# I cut it... OMG!



## Aurora North (Dec 27, 2016)

Not sure what came over me, but I put it through the resaw........

This was some African blackwood burl I bought from Steve Smith awhile back.

Surprisingly it cut pretty well through the resaw. Drift wasn't as bad as I thought it was going to be. It actually cut far easier than the waterfall bubinga slab I turned into thick veneer.

So, I had a present idea in my mind for my brother, but as soon as I started book and butt matching it I decided to turn it into a hall table top instead.

I'll send it through the wide belt sander to clean everything up and bring it to uniform thickness on Thursday with backer material and press it.

Going to need to order up some long pieces of straight grain ABW to build up the edge.

My heart was pounding the whole way through.













View attachment 119316

Reactions: EyeCandy! 3 | Way Cool 6


----------



## Aurora North (Dec 27, 2016)

I'm thinking of going with the first match rather than the second. 

The center strip will be veneered with karelian birch veneer or some other light cream colored burl I'm thinking. I do have some curly ebony veneers though that are jet black and might look okay. Have to play with it and put my thinking beer on. 

thoughts and opinions always welcome. This one is just a fun side project.

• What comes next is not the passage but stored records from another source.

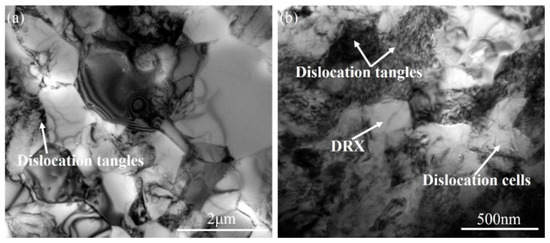 To pursue more detailed information of the microstructure, TEM micrographs of hot-rolled and ECAPed Ti-2Fe-0.1B alloy are presented in Figure 3. The microstructure of the hot-rolled sample mainly consists of nearly equiaxed grains with fewer dislocations and sharp boundaries, although few dislocation pile-ups also can be observed, as shown in Figure 3a. This might be attributed to high initial temperature and heat generation during the high-speed hot-rolling process, which leads to the occurrence of recovery/recrystallization during cooling in air. However, as a result of ECAP, a large volume of dislocations was formed and appeared in not only the grain boundaries but also in the grain interior. The dislocation tangle zones (DTZ) and dislocation cells (DC) can be clearly seen (Figure 3b). However, several dislocation-free grains were also founded in the microstructure, which indicated that continuous dynamic recrystallization started to happen during ECAP with four passes.
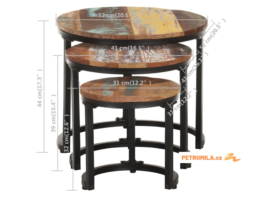 Odkládací stolky 3 ks masivní recyklované dřevo
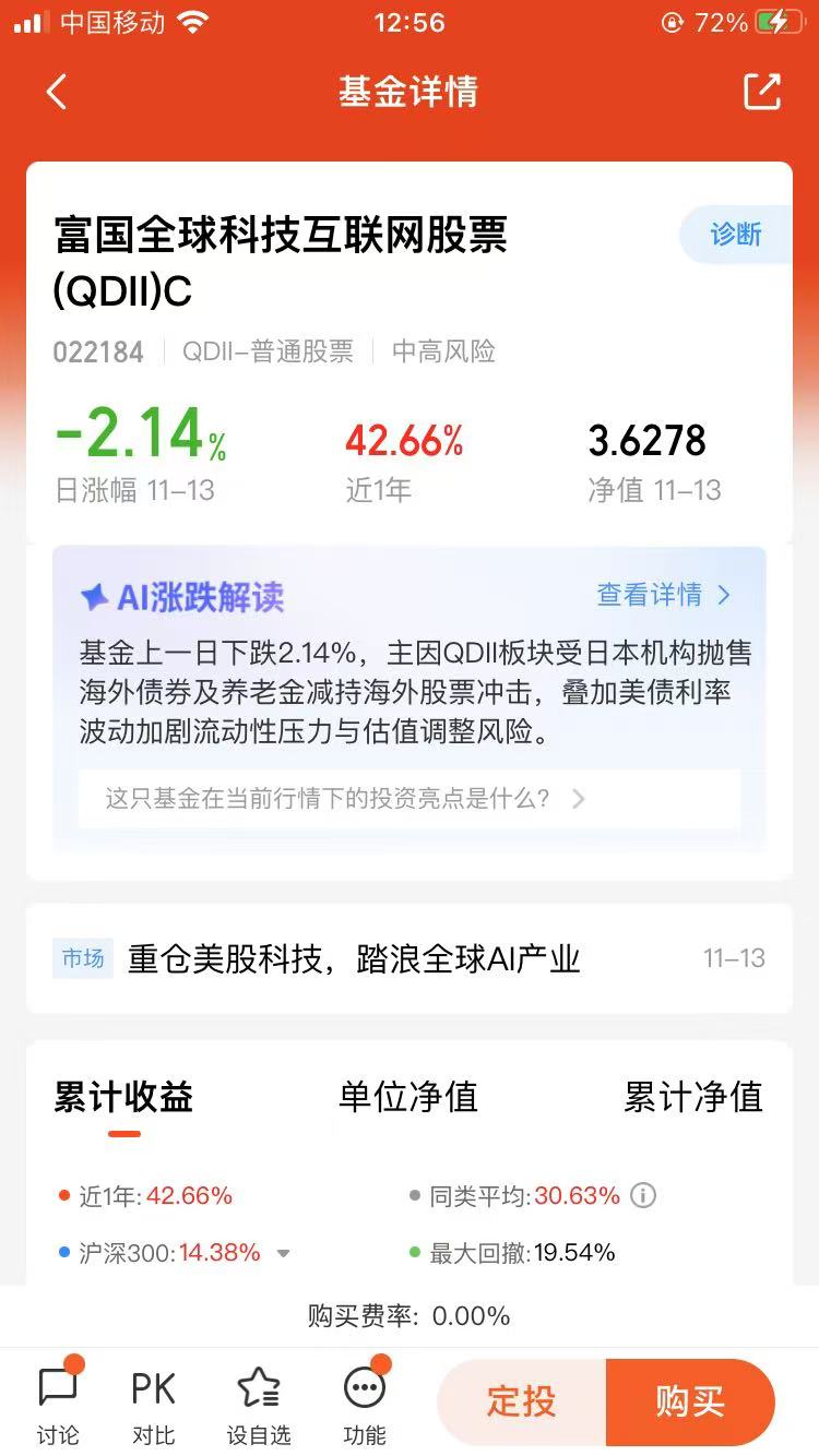 对于我们这些普通投资者来说,找到好基金,然后耐心持有,也许比频繁操作更管用。我的易方达、万家和华宝纳斯达克基金组合,我会继续拿着,用定投平滑成本,等待下一波科技浪潮的到来。当然富国基金旗下的几只美股科技基金也不错,感兴趣的朋友可以关注$富国全球科技互联网股票(QDII)C(OTCFUND|022184)$$富国全球科技互联网股票(QDII)A(OTCFUND|100055)$
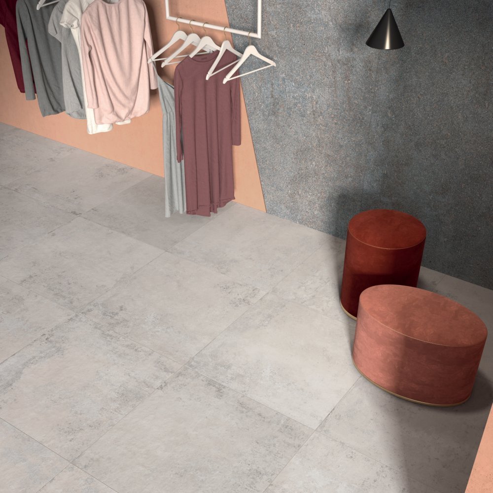 Die Ghost-Kollektion ist ein Porzellan-Steinzeug mit Stuckeffekt,

Reactions: Like 1 | Way Cool 1


----------



## SENC (Dec 27, 2016)

Can't wait to watch this! My initial reaction was dark rather than light in the middle, like more abw or a jet black ebony.

Reactions: Like 1


----------



## Aurora North (Dec 27, 2016)

I'll have to pull out the veneers tomorrow when I get back to the shop. I have some jet black curly ebony veneer and the Karelian birch I just pulled out for a client for another bed project. 

I'm taking it all out anyhow because I'm using the ebony for my brothers late Christmas/ birthday present instead of the ABW. Should have more than enough for both. 

I'm going to have research what adhesive to laminate with. The ABW is oily so I'm thinking sand with 60g on the back side, acetone wipe, then adhesive, and press. I'm wonder if the catalyzed rigid glue I use for countertops is okay or if I should press with an epoxy. 

@Steve Smith any thoughts on adhesive? Also... Have any more of this burl?


----------



## Steve Smith (Dec 27, 2016)

I think that if you are looking at using it for veneer then unibond would probably be my first choice. I've used ABW in segmented turning and have no qualms about using any type of glue on it provided I glue it up right after getting a fresh sanded surface, but veneering might be more sensitive to adhesive types and I believe that urea formaldehyde glues can be used on anything successfully, but someone with more knowledge would be better able to answer it.

Reactions: Useful 1


----------



## TimR (Dec 27, 2016)

I've been pretty lucky with glue ups on pepper mills using Titebond 2, after an acetone wipe...curious about other options.


----------